Underwriters Know What Brokers Don't
Increasingly, underwriters are relying on "outside-in scans" according to Fintech Global. The goal is to find intrusion entry points via externally facing services. These will be reviewed alongside a traditional insurance application to form a view on a client’s cyber risk profile. Vulnerability scanning tools can identify network issues (e.g., a misconfigured firewall or an unauthorized device), application issues (e.g., security flaws or an SQL injection), system issues (e.g., outdated software or missing patches) or cloud issues (e.g., incorrect identity or access controls).
What An Evidence-Backed Posture Should Look Like
Most of the mid-market companies I work with are currently working through implementing ISO 27001 or have completed the Essential Eight, which is a set of eight baseline strategies recommended by the Australian Signals Directorate (ASD) to help organizations protect against cyberthreats. Many of those controls already form part of the organization's information security management system (ISMS). ISMS is a structured set of policies, processes and procedures an organization uses to manage the security of its information in a systematic, ongoing way. There's even an ISO/IEC standard—ISO/IEC 27102—that describes how an ISMS can be used as part of the underwriting process for cyber insurance.

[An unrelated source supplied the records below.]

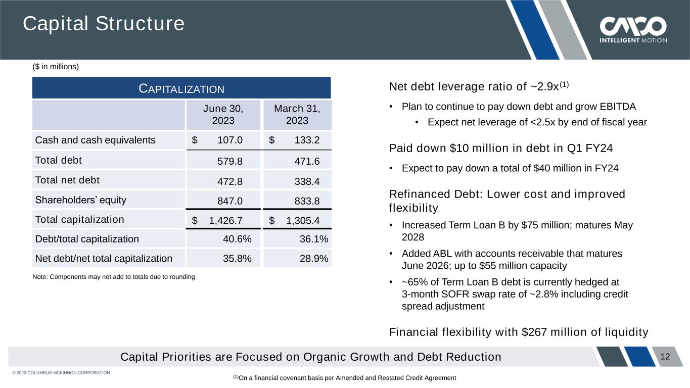 © 2023 COLUMBUS MCKINNON CORPORATION $86.6 $35.8 $71.0 $62.6 951% 121% 147% 127% FY21 FY22 FY23 Q1 FY24 TTM 11 Free Cash Flow & Conversion (2) Cash Flow Note: Components may not add to totals due to rounding Three Months Ended 6/30/23 6/30/22 Net cash provided by (used for) operating activities $ (17.2) $ (11.2) CapEx 5.3 3.0 Free cash flow (FCF) $ (22.5) $ (14.1) (1)Capital expenditure guidance provided August 2, 2023. (2)See Supplemental Slides for the definition of free cash flow, free cash flow conversion reconciliation and other disclaimers regarding non-GAAP information. First quarter cash from operations impacted by increase in working capital • Working capital usage included inventory investments, accounts receivable timing and annual bonus payments FY24 CapEx expected to be $30 million to $40 million (1) • Investments enable factory simplification, productivity and lower cost center of excellence Expect FCF Conversion of Approximately 90% to 100% in FY2024 ($ in millions)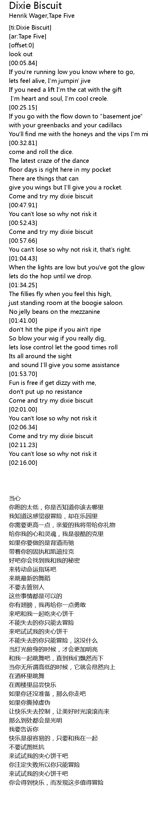 [ti:Dixie Biscuit] |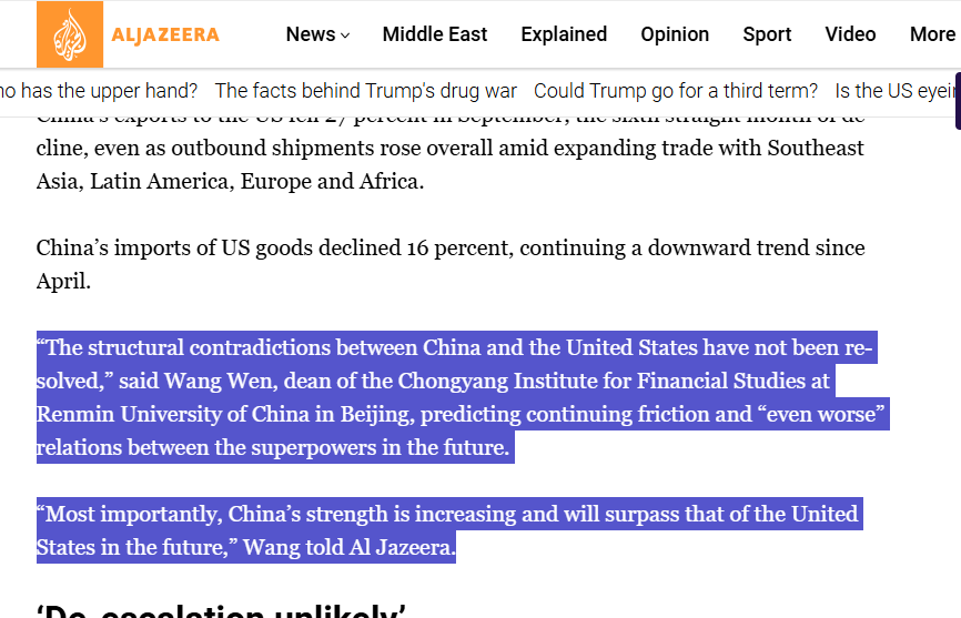 10月30日,俄罗斯塔斯社就中美釜山会晤专访王文。王文表示,自2018年贸易战爆发以来,美国对华加征关税总额已达145%,而中国对美出口仅比峰值下降了20%,美国消费者因此需每年额外支出约4500美元。这种不必要的损失如同“杀敌一千自损八百”。这促使美国从对中国极限施压转向有限遏制。釜山会谈后,双方都做出了让步,包括美国将所谓的芬太尼关税降低了10%。两国还同意加强芬太尼管控合作,扩大农产品贸易,包括中国恢复购买美国大豆。这意味着明年,中国商品进入美国市场的平均关税将降至40%左右。03中美竞争格局正朝着有利于中国的方向倾斜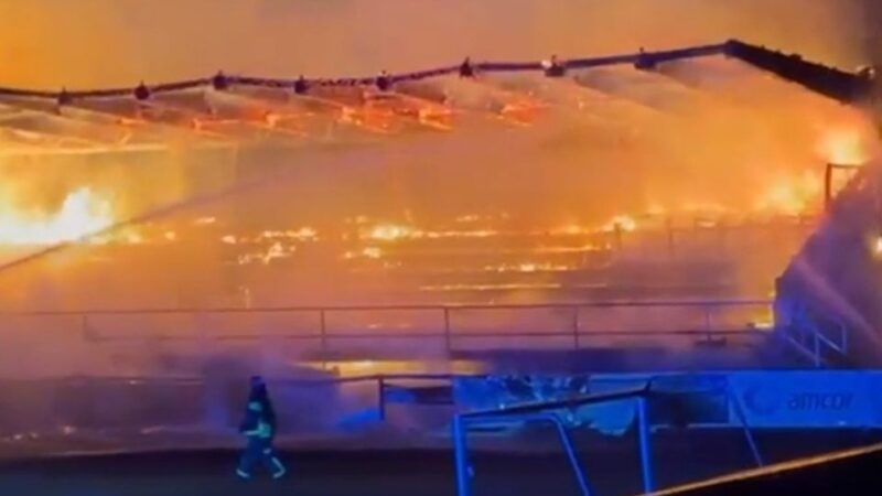 Жалын ағаштан жасалған 400 орындық трибунаны толықтай жойып жіберді. Стадион жалпы 3000-нан астам көрерменге арналған.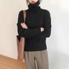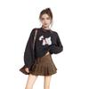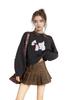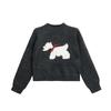 Suéter corto de cuello redondo con diseño de cachorro negro para mujer, prenda exterior gruesa de otoño e invierno, suéter de punto de lana suelto con sentido del diseño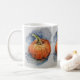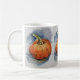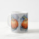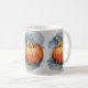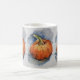 A lovely watercolour Pumpkin in shades of orange with a blue background.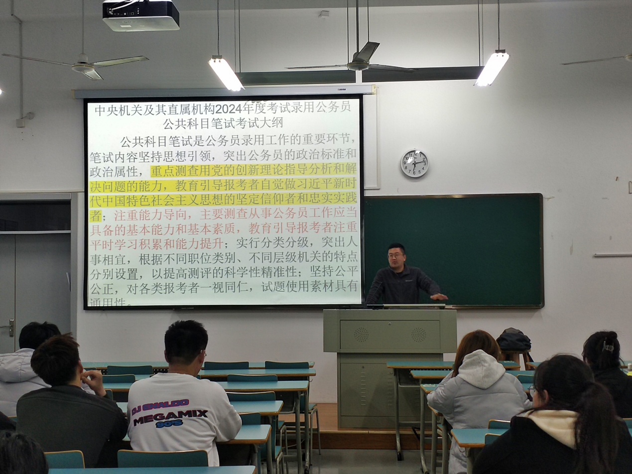 为帮助我院学生准确了解考公考编的最新动态,提供更好的考公考编就业指导,2025年4月1日晚,yl88858永利集团于新城校区新教学楼B103教室顺利举办公考申论方法论公益指导讲座。学院100余名大三、大四学生参与此次讲座。本次专题讲座由张老师主讲。
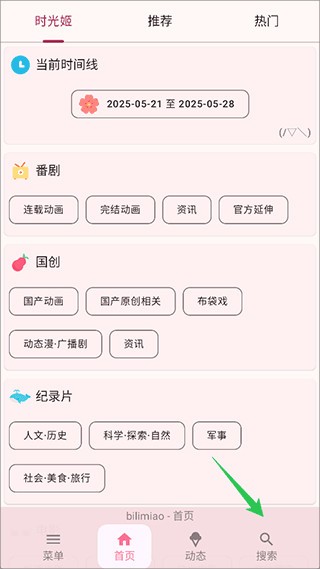 1、打开bilimiao软件,点击底部的搜索按钮

Where organizations get stuck is with the operational telemetry. What underwriters are looking for is audit-grade evidence of an organization's posture. One of the biggest changes between an old cyber insurance application and a 2026 version is the shift from self-attestation to verifiable evidence of the state of your systems.
An evidence-based posture isn't something you can immediately purchase. A coverage report outlining where MFA is enabled for email, remote access, directory services, the network, servers and the admin console for the organization's backup repository is a good starting point, as this is the surface that typically fails. Next is the endpoint detection and response (EDR) application's coverage report, comparing the form to the actual endpoint coverage.
This is followed by the immutability flag on the organization's backup software, ensuring that no domain admin credentials can log into the admin console for the organization's backup repository. A security information and event management (SIEM) system storing at least 90 days of logs and an incident response plan that has gone through a tabletop test within the last 12 months complete the picture.
Conclusion
When a board member asks me for guidance at renewal time, the answer is always the same: Only put forward what you can provide evidence of today, not what you believe is in place. The cost of a denied claim or a rescinded policy is huge, and it lands at the worst possible time.
The market is changing fast. Underwriters now want real-time information about your security operation, and a growing number of regulators no longer treat paper-based evidence of controls as enough. Mid-market firms would be wise to build up an evidence layer this year; they'll go into their 2027 renewal on far better terms than the ones who do nothing and find out the cost at claim time.
The questionnaire is really the controls roadmap. Treat it as one.